Chris Sale just started throwing, per WEEI.com, and his five-year, $145 million extension kicks in on Opening Day. Selling low on the potentially dominant left-hander is a recipe for regret, especially since his contract could end up being pretty reasonable if he returns to health. The better trade candidate is Price, who turns 35 in August and has three years and $96 million remaining on a contract that's more likely to provide diminishing returns, but paradoxically includes fewer short-term questions. We laid out the case for Price being an actual trade asset on Thursday; as free agent pitchers leave the market, someone will be left short, and maybe Price becomes a target.

3. FINDING A STARTER (OR TWO)

Trading Price may ease the financial crunch on a team hoping to drop below the $208 million luxury tax threshold, but it will blow another hole in a rotation that's already down one starter with the presumed departure of free agent Rick Porcello.
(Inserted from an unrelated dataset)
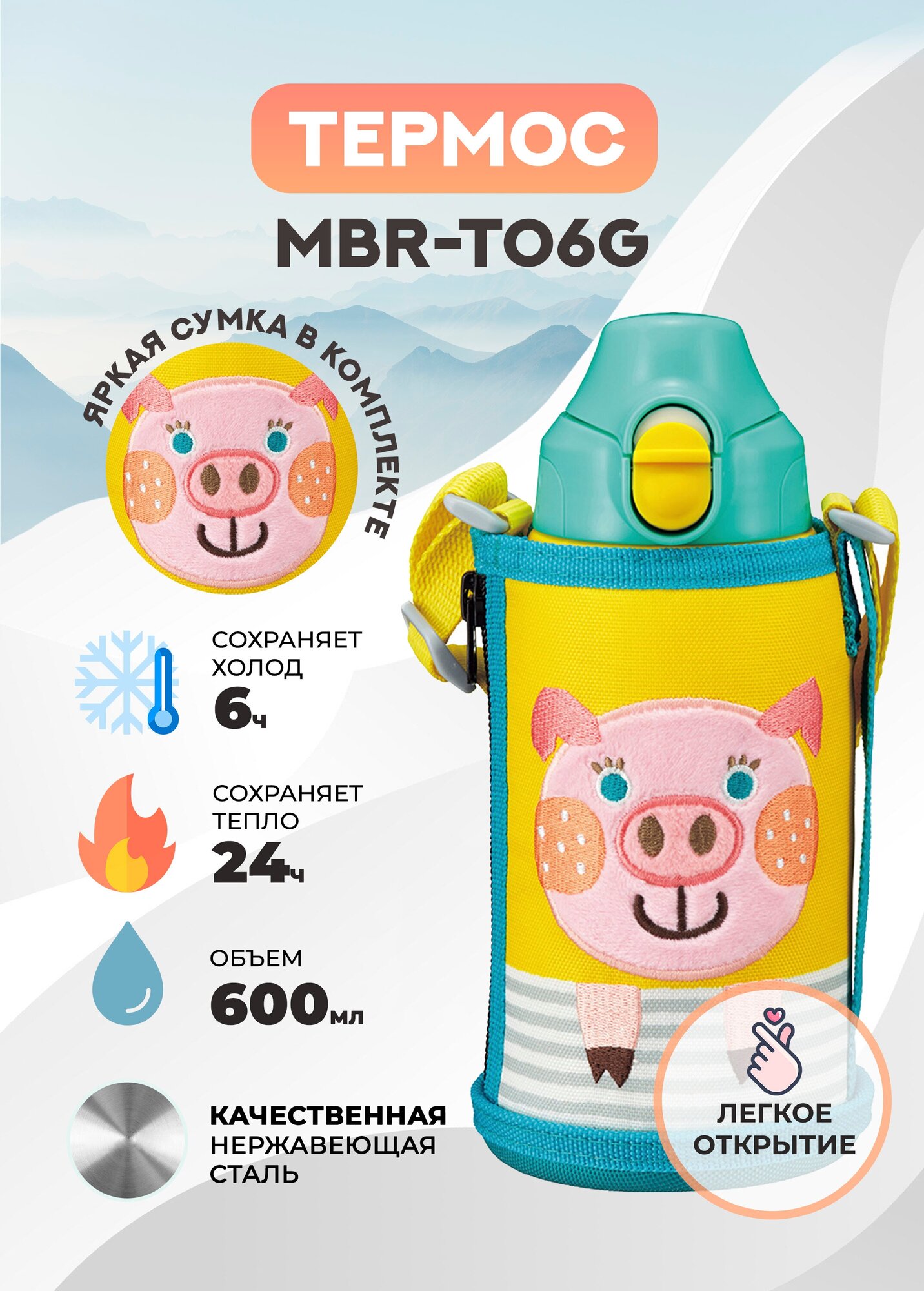 Термос Tiger детский MBR-T06G Pig 0,6 л информация:

The Red Sox obviously won't be in on Astros ace Gerrit Cole or Nationals World Series hero Stephen Strasburg. They also can't afford Madison Bumgarner or maybe even old friend Wade Miley. Will they go the opener route? Take a flier on a reclamation project like Felix Hernandez or Michael Wacha? Try to turn center fielder Jackie Bradley Jr. into a starter? Here's where Bloom's creativity will be put to the test.

4. SURPRISE US

Until he starts dealing, Bloom remains an enigma. He's beholden to no one on the roster, a position which allowed predecessor Dave Dombrowski to cut ties with Pablo Sandoval and Hanley Ramirez while they were still owed money. Could Bloom decide a roster overhaul is in order and use a supposed foundational piece like All-Star shortstop Xander Bogaerts or outfielder Andrew Benintendi to swing a larger deal? We may start to get some clarity on his thoughts next week.

5. RIGHT SIDE OF THE INFIELD

At this time last year, the Red Sox were foolishly counting on 125 games out of second baseman Dustin Pedroia (he played six) and 162 out of a first base platoon of Mitch Moreland (91) and Steve Pearce (29). While some portion of either job could go to second-year slugger Michael Chavis, the Red Sox will be in the market for help at first and second, and this is a spot where Bloom helped unearth some legit finds in Tampa, from Carlos Pena to Logan Morrison to Ji-Man Choi. There should be no shortage of affordable options at first, in particular, from Justin Smoak to Travis Shaw to C.J. Cron.